Eine kuriose, melancholische Atmosphäre prägt den Roman. Das ruhige Leben der Indígenas, die sich im Vorüberziehen der Zeit treiben lassen, steht dabei in völligem Kontrast zu dem der derben, permanent betrunkenen Soldaten, die als die eigentlichen „Wilden“ der Pampa erscheinen. Damit dreht sich in Airas Roman das von dem argentinischen Schriftsteller Domingo F. Sarmiento im 19. Jahrhundert konstruierte Bild der Zivilisation der Städte und der Barbarei der Provinzen um: Die skrupellose Grausamkeit der aus der Stadt in die Provinz strafversetzten Soldaten beherrscht das Bild. Die Indígenas hingegen erscheinen als kultivierte Melancholiker. Der Roman beschreibt, wie das Geldwesen, und damit der Beginn des Kapitalismus, das Leben beider Kulturen verändert.
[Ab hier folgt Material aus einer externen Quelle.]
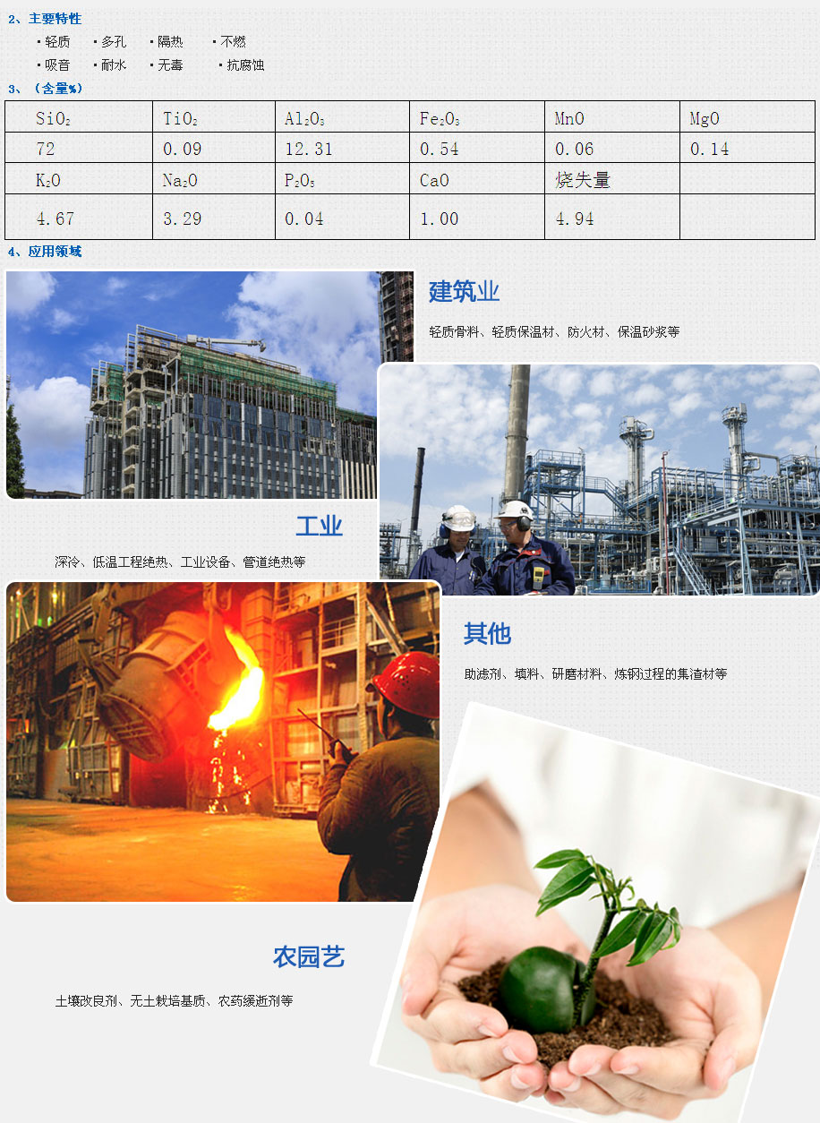 主营:建筑用珍珠岩,油田用珍珠岩,食品用珍珠岩,超低温用珍珠岩

Wer jedoch einen spannenden, packenden Roman erwartet, wird enttäuscht werden. Die Spannung ist aber auch nicht Anspruch des Buches. Vielmehr scheint der behagliche Rhythmus der Geschichte um die Protagonistin Ema die Lebensphilosophie der Indígenas ästhetisch widerzuspiegeln. Und gerade seine melancholische Langsamkeit macht Die Mestizin zu einem faszinierenden Buch.
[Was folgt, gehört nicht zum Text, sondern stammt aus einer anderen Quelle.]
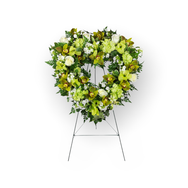 As unique as the life it celebrates, this lovely standing funeral spray is timeless yet modern and delivers your condolences with simple grace. Shaped in the universal symbol of love, the heart, this spray features green cymbidium orchids, gladiolus, hydrangea and white dendrobium orchids. Your good taste and esteem for the dearly departed will comfort family and friends when you deliver your sympathies with this sweet funerary gift.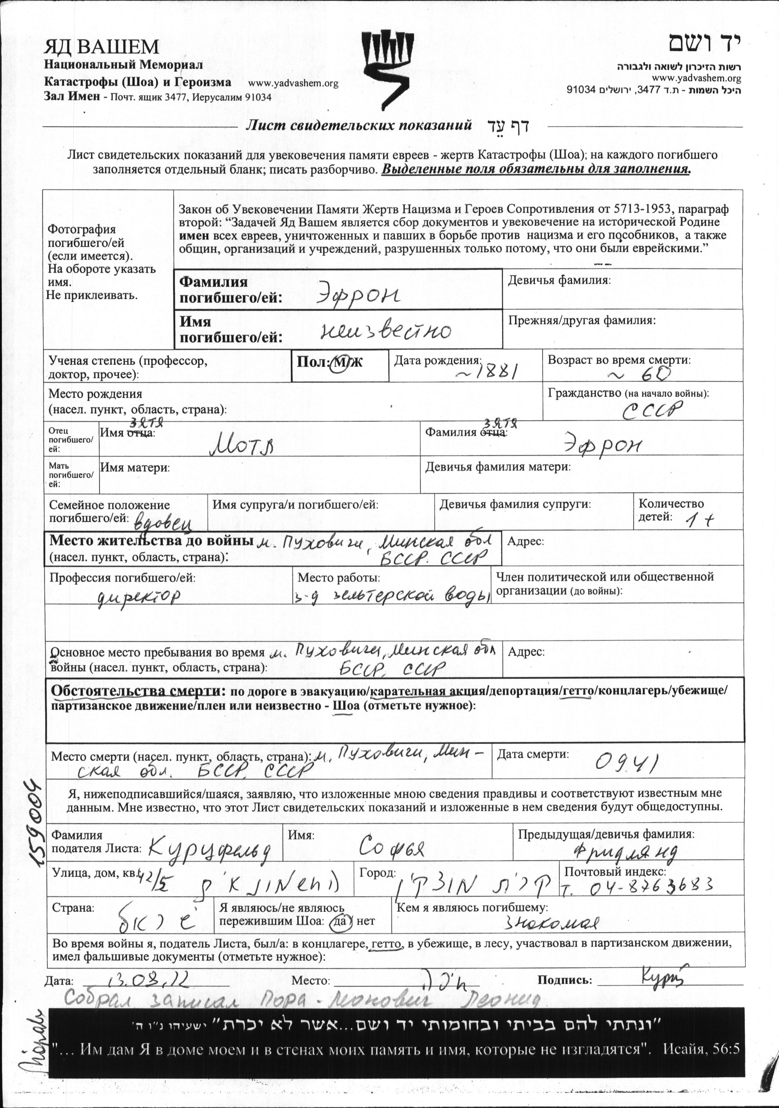 Efron First name unknown 1881 Pukhovichi, Belorussia (USSR) Page of Testimony

Die Mestizin, ein frühes Werk des argentinischen Schriftstellers, erschien bereits 1981 während der letzten argentinischen Militärdiktatur unter dem Titel Ema, la cautiva. Mittlerweile umfasst Airas Werk über dreißig Romane und er gilt als einer der wichtigsten zeitgenössischen Schriftsteller Argentiniens. Um so mehr sollte es verwundern, dass er bisher so wenig Beachtung in Deutschland gefunden hat.